Created on 2024-05-07 with reprex v2.1.0

i already found a workournd, if i simply define separetly the function that i use in the map function everything runs fine, not even a warning. But it bothers me a lot, because i can't find any good reason for throwing an error, and beside that, a little before in my script there was a very similar snippet of code that didn't throw any error. So i'm not sure if can trust the result of the previous snippet. I'm wondering if this error deserves an issue on github.

This error

seems to come from this code:

because the length of gamma is 7, but the length of data is 10

I'm surprised that your function() has the arguments x and y but they are never used. Does this do what you want?

catena |>
  mutate(log_posterior = pmap_dbl(list(x = gamma, y = delta, z = x_0), function(x, y, z ) {
    expanded_data |>
      mutate(log_post = (z + 1) * (x * data + y) - (denominatore + 1) * log(1 + exp(x * data + y))) |>
      summarise(log_post = sum(log_post)) |>
      pull(log_post)
    
  }))
1 Like

Sorry, there was a clear error in the code i posted.

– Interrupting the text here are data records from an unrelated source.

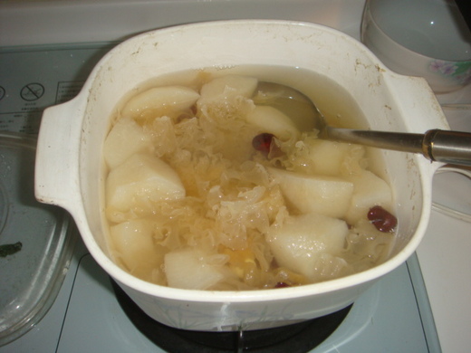 下圖, 喵 與 雞蛋孃 合煮的 冰糖銀耳水梨紅棗蓮子湯! 好喝!
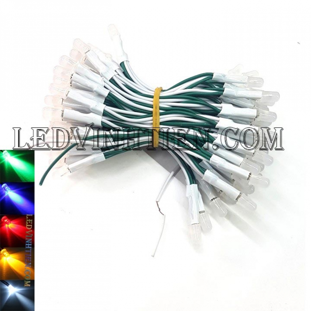Hình ảnh chi tiết bóng led ruồi liền dây 5mm màu xanh lá, loại tốt, giá rẻ, chất lượng, dùng chiếu sáng ngoài trời, chính hãng ledvinhtien.com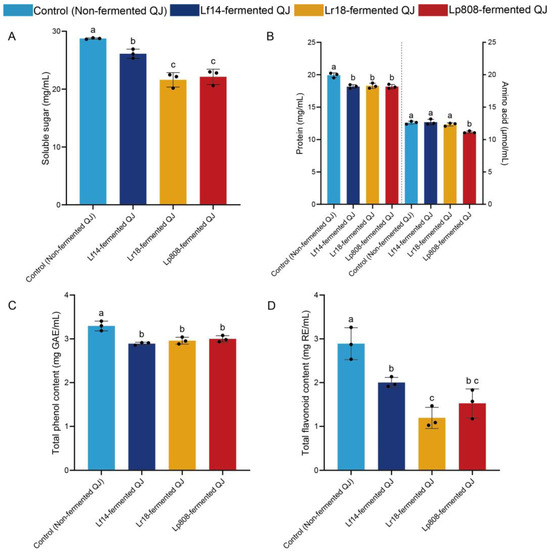 Changes in the soluble sugar (A), total protein and amino acid (B), total phenol content (C) and total flavonoid content (D) of control (non-fermented QJ) and all three LAB-fermented QJ. Letters were used to indicate statistical significance between samples (p < 0.05) based on one-way ANOVA.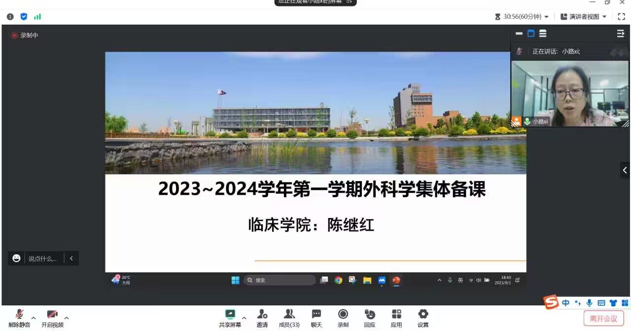 为加强课程和师资队伍建设,推动同质化教学进程,9月1日,临床学院外科学课程教学研究中心联合各教学基地,通过腾讯会议的方式,顺利完成本学期外科学各论一的第一次集体备课。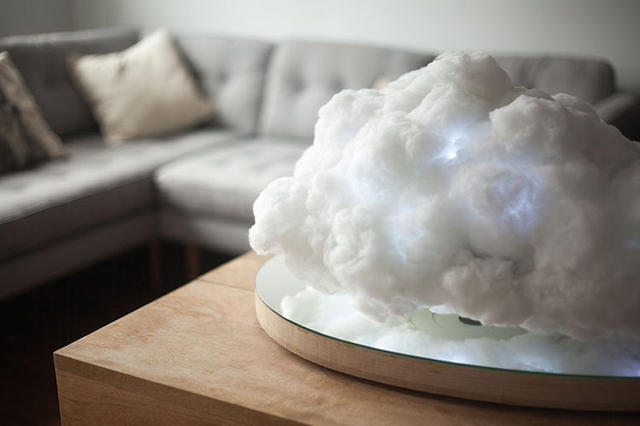 Making Weather由聚酯纖維所構成,「雲」裡面藏著藍牙喇叭、LED燈和磁鐵,磁鐵與基座之間互斥的磁力關係,讓雲朵飄浮於基座之上,而LED燈則能隨著音樂發出光芒,就好像家中真的出現晴天、陰天、打雷天,所以雲朵也隨之忽明忽暗,時晴時陰。
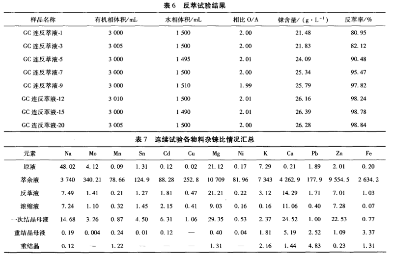 试验情况见表4~表6。表4是在前期试验的基础上进行的连续萃取铼的工艺条件。表5为连续萃取铼试验结果,表6为反萃试验结果,表7为连续试验各产物杂铼比。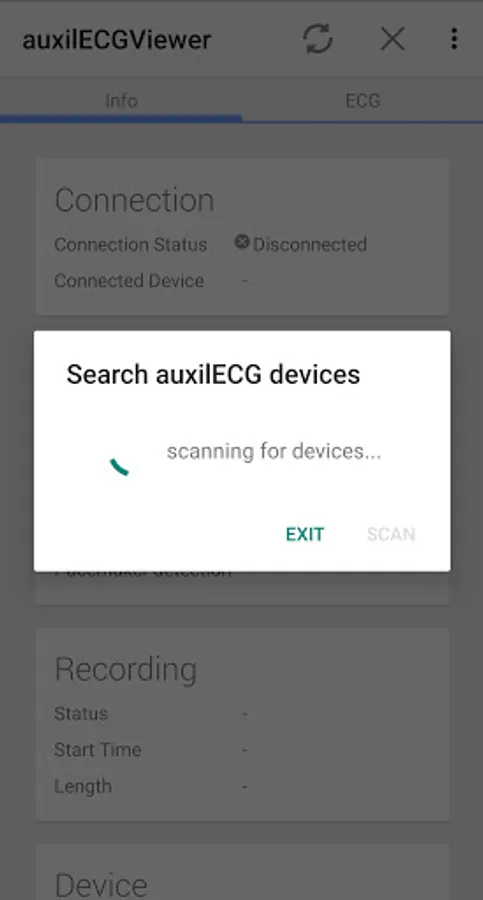 For the graphical online display of the ECG leads, the manufacturer provides an optional, free Android Application "auxilECG Viewer".

While trying to understand the problem i changed the name of the arguments forgetting to change the name inside the function too.

but before the arguments of the function where named simply gamma and delta and the problem occured anyway.

Indeed even with I have the same problem

catena |>
  mutate(log_posterior = map2_dbl(gamma, delta, function(gamma, delta) {
    expanded_data |>
      mutate(log_post = (x_0 + 1) * (gamma * data + delta) - (denominatore + 1) * log(1 + exp(gamma * data + delta))) |>
      summarise(log_post = sum(log_post)) |>
      pull(log_post)
    
  }))
#> Error in `mutate()`:
#> ℹ In argument: `log_posterior = map2_dbl(...)`.
#> Caused by error in `map2_dbl()`:
#> ℹ In index: 1.
#> Caused by error in `mutate()`:
#> ℹ In argument: `log_post = -...`.
#> Caused by error:
#> ! `log_post` must be size 7 or 1, not 10.

Anyway you spotted the true problem of my code, i didn't pass the x_0 variable to the function. I was so convinced that x_0 was part of the expanded_data tibble and that there was no need to pass it. I feel silly now. Thank you very much.

1 Like

This topic was automatically closed 7 days after the last reply. New replies are no longer allowed.

If you have a query related to it or one of the replies, start a new topic and refer back with a link.